Formally, there is an explanation. Our ministers, the prime minister
or the president do not have property formally belonging to them,
which does not match the size of their legal salary. Their property
formally belongs to their friends, relatives, family or
mother-in-law. However, Armenia is a small country, and everyone
knows one another, and whom the villa built for an ordinary citizen
belongs to, and who is behind the construction, commerce or other
company owned de jure by an ordinary businessman.
Legally, it is difficult to reveal such cases of corruption. For
instance, it is difficult to prove that a 60 or 70 year-old woman
working at home could not sustain the oligarchic life of the
minister, who is related to all this only because 20-30 years ago or
earlier her daughter married the future minister or other
high-ranking official. But if legally it is impossible to reveal, it
is not difficult to bring into being the mechanism of moral
responsibility. In other words, the minister who lives a life of a
millionaire, the public official who wears suits, shoes, shirts, ties
worth thousands of dollars, stays at five-star hotels which are
located in famous resorts, rides in expensive cars, owns summerhouses
in different parts of the country, cannot do this secretly, like he
cannot obtain all that on his salary. And the president who
guarantees Constitutional order in Armenia should know about it. If
he cannot instruct the office of prosecutor general to investigate
and punish the corrupt official, he should assume the responsibility
and dismiss the minister to show to the society that the Armenian
government does not tolerate corruption in reality, not in speeches.

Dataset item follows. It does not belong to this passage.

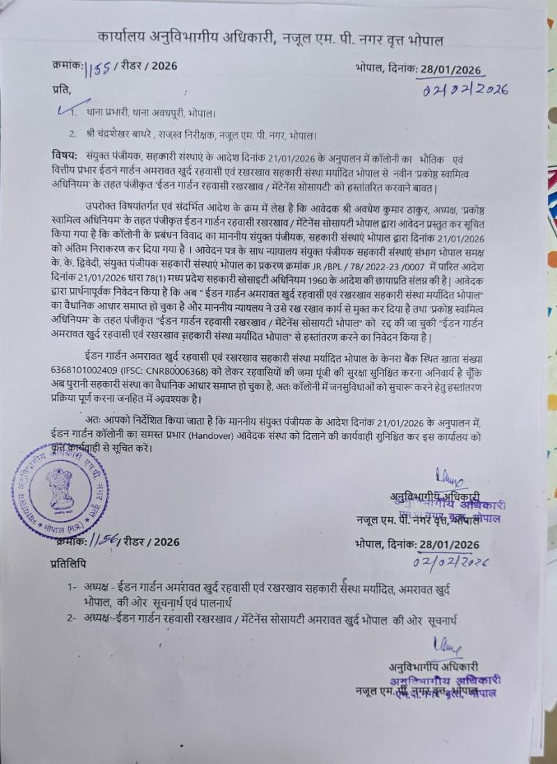 भोपाल । अमरावत खुर्द स्थित ईडन गार्डन कॉलोनी इन दिनों गंभीर प्रशासनिक विवाद का केंद्र बनी हुई है। कॉलोनी के रहवासियों का आरोप है कि वैधानिक रूप से गठित प्रबंधन संस्था को अब तक प्रभार नहीं सौंपा गया, जिससे बुनियादी विकास कार्य प्रभावित हो रहे हैं। जानकारी के अनुसार, अनुविभागीय अधिकारी (एसडीएम) एम.पी. नगर द्वारा ‘म.प्र. प्रकोष्ठ स्वामित्व अधिनियम, 2000’ के तहत कॉलोनी के रख-रखाव के लिए एक वैधानिक मेंटेनेंस संस्था का गठन किया गया। यह संस्था शासन द्वारा राजपत्र (गजट) में अधिसूचित और अधिकृत बताई जा रही है।
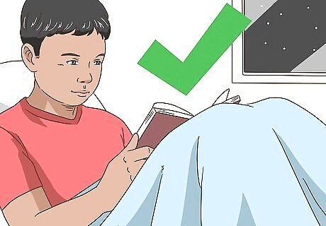 Read in bed. Reading in bed is one of the best ways to relax and destress yourself after a long day. Immersing yourself in another world allows you to forget the worries of your own life and start relaxing your body and your mind as your prepare yourself for sleep. You should start to feel more relaxed and ready for bed after as little as six minutes reading. The genre doesn’t matter. Even reading a suspenseful story will help you relax before bed.

Meanwhile, over these years no high-ranking government official has
been dismissed. In addition, they are behaving more freely, showing
off their businesses they run apart from their office.
And in order to make life more interesting and secure, they sometimes
make preventive efforts against corruption not to let the lower ranks
become competitor to the higher ranks.
JAMES HAKOBYAN
Dec 6 2007
CORRUPTION IS MONOPOLIZED AS WELL
The office of prosecutor general has arrested a few tax and customs
officials involved in false entrepreneurship. This is being announced
through almost all the media, especially television. In fact, the
effort of the prosecutor's office is a heavy blow to corruption in
Armenia, and corruption will not get over it for a long time. It
should not be ruled out that corruption may yield to the office of
prosecutor general because it seems to have nothing else to do.
However, for whatever reason any revelation of corruption in Armenia
involves the lower ranks only. For instance, nurses are arrested, or
officers of regional tax or customs services. The office of
prosecutor general of Armenia never brings charges against any
high-ranking official. The impression is that the higher ranks are
crystal purity, and the most horrible things take place in the lower
ranks. It is possible that horrible things occur in the lower ranks
but for whatever reason they are reflected in the higher ranks. In
addition, they are reflected so magnificently that no logical
explanation can be found how a minister with a salary of a few
hundreds of thousand drams lives like a millionaire.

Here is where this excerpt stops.